Quando sentì avvicinarsi la fine, Paracelso si raccomandò che nel corso delle esequie fossero cantati tre salmi (1, 7, 30). Si
trattò di una scelta profondamente meditata, dal momento che in essi ritroviamo l’indelebile riflesso del suo intimo
atteggiamento spirituale, ma anche l’ennesimo riproporsi di quei discordanti motivi che delineano la sua complessa figura. Al
sentimento di assoluta superiorità individuale e senso di orgoglioso distacco si accompagna una radicata avversione per i
nemici e contemporaneamente un forte anelito verso un sogno di purezza e annullamento di sé. Superiorità come quella di chi
“non si è fermato sulla via dei peccatori” e che porge intrepido la propria sfida al tempo “come un albero piantato presso
ruscelli di acqua”. Le durezze di Paracelso sono quelle dell’uomo che odia apertamente nemici e calunniatori. “Levati,
Signore, nella tua ira: innalzati contro i furori dei miei nemici… Ecco, il mio nemico partorisce iniquità; egli ha concepito
affanno e partorirà inganno. Egli ha scavato una fossa e l’ha affondata; ma egli stesso è caduto nella fossa che ha creato…”

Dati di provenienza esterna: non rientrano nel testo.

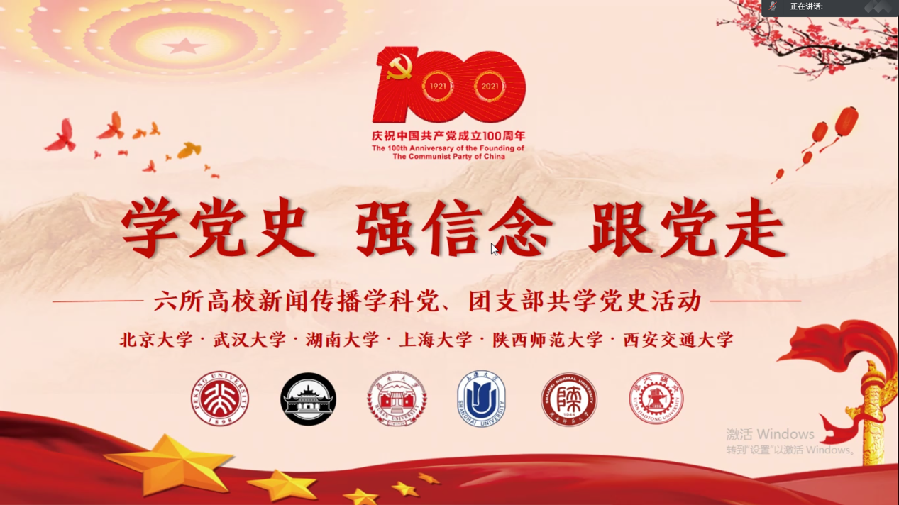邀请北京大学、武汉大学、湖南大学、上海大学、陕西师范大学的新闻传播学科党、团支部联合举办线上共学党史活动。本次活动的主题为“学党史、强信念、跟党走”,活动由老虎机线上-真钱老虎机-网络老虎机

Nonostante tutto, rifulge in Paracelso la più autentica aspirazione dell’uomo giusto che ha fiducia in Dio per ritrovare la
felicità eterna. “Ascolta, Signore, ed abbi pietà di me…Tu hai mutato il mio lutto in festa. Tu hai sciolto il mio cilicio e mi hai
cinto di gioia”.
In un mondo che, con il profilarsi della rivoluzione copernicana, pare destinato a sbriciolarsi, il medico svizzero prova a
mantenerne unite le parti per far sì che i cocci del cosmo non si disperdano ovunque. Con Cartesio quel mondo saprà
ricomporsi, disponendosi per moto e figura. L’unico moto che Paracelso ha saputo riconoscere ed accettare è quello
dell’universale animazione di tutte le cose, la figura cui assegnare cittadinanza nella repubblica paracelsiana delle scienze
quella rappresentata dal pentalfa pitagorico e dal cerchio alchimistico. Tra la medicina magica di Paracelso ed i successivi
sviluppi della chimica e iatrochimica vivono realmente quella nozione di salto e quel criterio di incommensurabilità che Kuhn
ha eletto a suoi paradigmi. L’uomo di Paracelso, creato perché libero di creare, si presenta come vindice e custode, dai tratti
insieme angelici e bestiali, dell’unitarietà dell’Uno-Tutto. Al futuro egli lascia aperto e lecitamente percorribile solo un piccolo
spiraglio. E la grandezza di un consapevole auto-isolamento.